You should record the cost of goods sold as a business expense on your income statement. Under COGS, record any sold inventory. On most income statements, cost of goods sold appears beneath sales revenue and before gross profits. You can determine net income by subtracting expenses (including COGS) from revenues.

What is an example of an inventory asset? ›

Inventory assets are not sold to customers nor are they consumed by employees; they are the reusable items that your company uses to create its product or services. For example, in a construction company, inventory assets could consist of items like hammers, drills, and saws to trucks, excavators, and forklifts.

What is the difference between inventory and inventory assets? ›

Assets are typically long-term investments, while inventory is a short-term investment. Assets are typically larger and more expensive items, while inventory consists of smaller, less expensive items. Assets are typically owned by the business, while inventory is usually purchased from suppliers.

Can you have COGS without inventory? ›

COGS is not addressed in any detail in generally accepted accounting principles (GAAP), but COGS is defined as only the cost of inventory items sold during a given period. Not only do service companies have no goods to sell, but purely service companies also do not have inventories.

What is the journal entry for cost of goods sold and inventory? ›

The journal entry for cost of goods sold is a calculation of beginning inventory, plus purchases, minus ending inventory. The cost of goods sold entry records the total of all direct costs incurred during the production and/or sale of goods.

When should I use cost of goods sold in QuickBooks? ›

Understanding COGS is essential as it shows how much profit the business is making per item and where costs can be improved. To determine your gross profit margin, subtract your COGS from the sale price.

Is inventory an asset or expense? ›

Since inventory is an asset, it is reported in the asset section of your company's balance sheet. Once the item leaves your business, it is no longer part of your inventory. That change in inventory is what then gets reported as a COGS entry on your income statement.

How do you track cost of goods sold? ›

Calculate COGS by adding the cost of inventory at the beginning of the year to purchases made throughout the year.
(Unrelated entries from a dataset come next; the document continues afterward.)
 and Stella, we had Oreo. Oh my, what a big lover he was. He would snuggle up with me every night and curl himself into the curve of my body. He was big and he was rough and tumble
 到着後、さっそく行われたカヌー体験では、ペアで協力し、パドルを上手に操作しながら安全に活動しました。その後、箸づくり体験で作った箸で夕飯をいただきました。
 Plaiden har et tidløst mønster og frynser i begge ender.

Then, subtract the cost of inventory remaining at the end of the year. The final number will be the yearly cost of goods sold for your business.
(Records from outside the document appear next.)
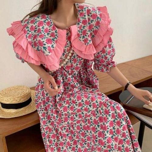 플라워 롱원피스 카라 핑크 바캉스 휴가 빅카라 여름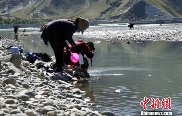 初秋的拉薩多了些許涼意,傍晚清澈的拉薩河水流潺潺,微風(fēng)輕拂,人們或舉家外出,或呼朋引伴,帶著毯子、新衣、酥油茶、牦牛肉,漫步至附近的河邊沐浴。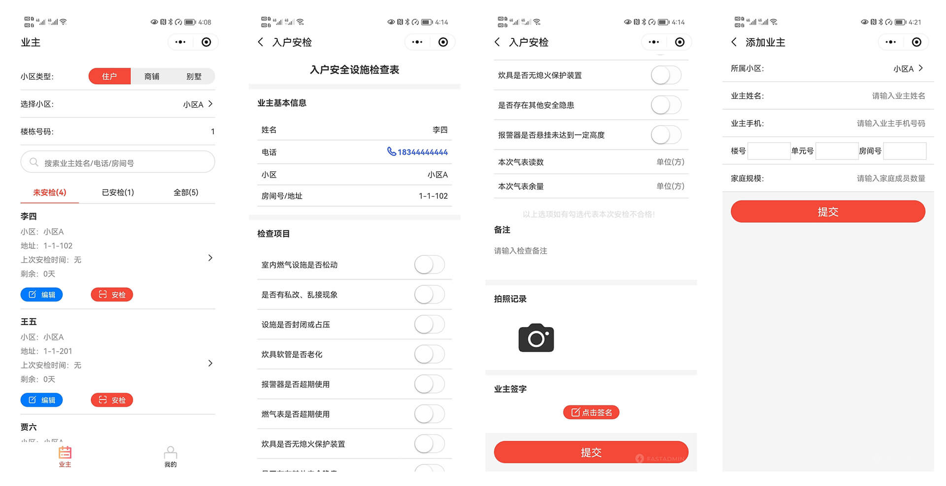 在業(yè)主管理方面,管理人員可以通過后臺方便地添加或批量導(dǎo)入業(yè)主信息,并能直觀地看到每個業(yè)主家中設(shè)備的安檢狀態(tài)和安檢記錄。這不僅便于及時跟進安檢工作,也使得業(yè)主能夠清晰地了解自己的安檢情況。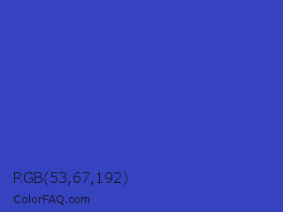 RGB 53,67,192 Color is a normal blue color and the nearest color is Violet Blue #324ab2. Hex code #3543c0 and RGB value is rgb(53,67,192). In RGB color space, this color is composed of 21% red, 26% green, 75% blue, In CMYK color space, this color is composed of 72% cyan, 65% magenta, 0% yellow , 25% black , In HSL color space, this color has a hue angle of 234° , 57% saturation and 48% lightness.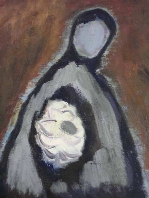 就像你所繪的黑漆人型.包著一株蓮(蓮花或石蓮花).週圍仍是黯淡的褐.紅.黑.人型又散著天空藍.像某種氣場.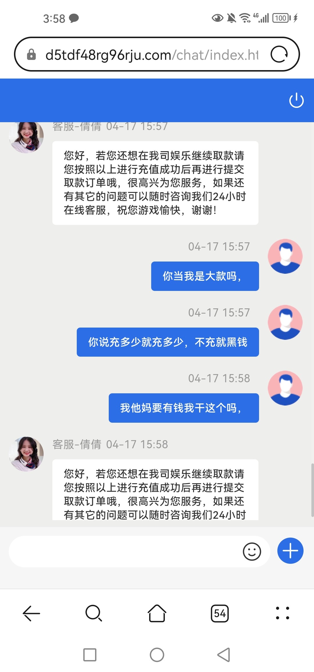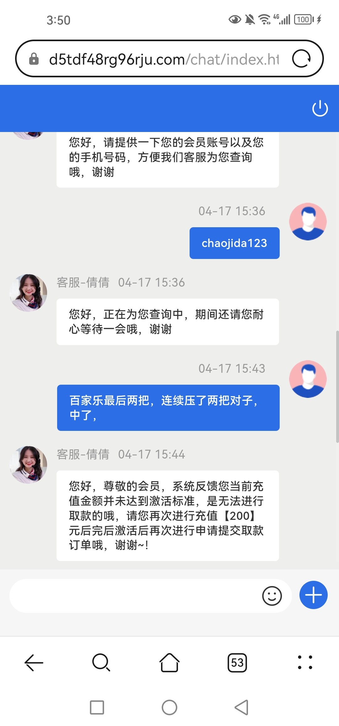 小蓝签到系列好几个喜欢随机黑,估计原因如下,1,当天营收情况,2,审核员心情,3,出款通道钱包里面有没有钱。个人经验建议按照客服要求优先使用k宝或者vip

How to calculate inventory? ›

The basic formula for calculating ending inventory is: Beginning inventory + net purchases – COGS = ending inventory. Your beginning inventory is the last period's ending inventory.
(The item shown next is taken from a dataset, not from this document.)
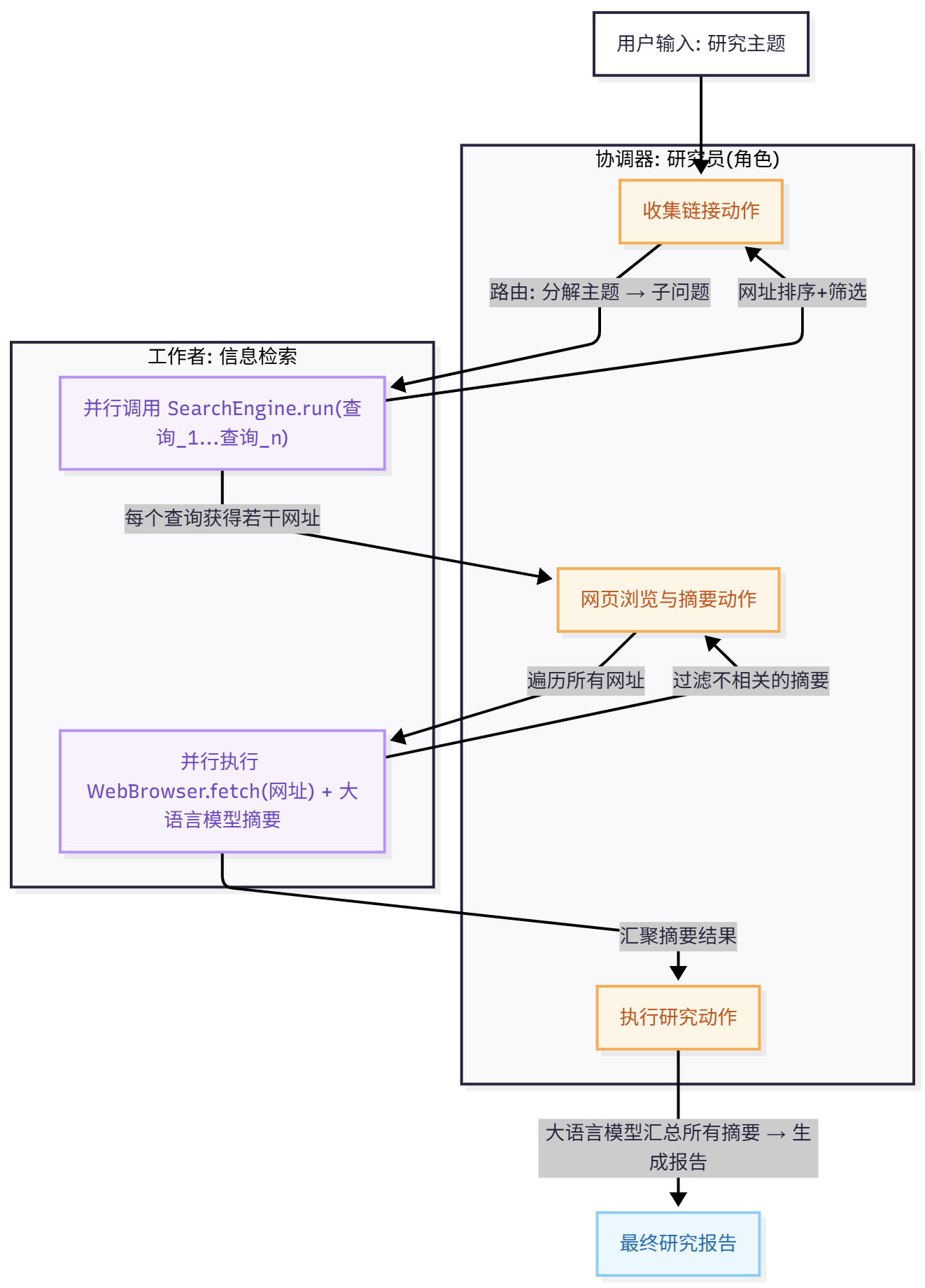 这指的是一个“协调者”角色负责调度、分配任务,若干“工作者”角色执行子任务。虽然这个实现不是明确拆成多个 agent 协作,但结构上也体现了类似的逻辑:Researcher 角色(协调者) + 多个 Actions(工作者)承担不同子任务。

What is inventory asset? ›

Inventory assets are the finished products a company intends to sell for profit; these include materials, merchandise, and products that are either finished or unfinished. Furthermore, a company's accounting records inventory as a current asset on its balance sheet.

How is inventory asset calculated in QuickBooks? ›

QuickBooks uses the weighted average cost to determine the value of your inventory and the amount debited to COGS when you sell inventory. The average cost is the sum of the cost of all of the items in inventory divided by the number of items.

What is inventory asset vs liability? ›

Inventory is almost always an asset for accounting purposes. An asset is an item that will provide an economic benefit at some point in the future. A liability is an item that represents a financial deficit or debt.

What is inventory asset on balance sheet? ›

Inventory is a current asset account found on the balance sheet, consisting of all raw materials, work-in-progress, and finished goods that a company has accumulated.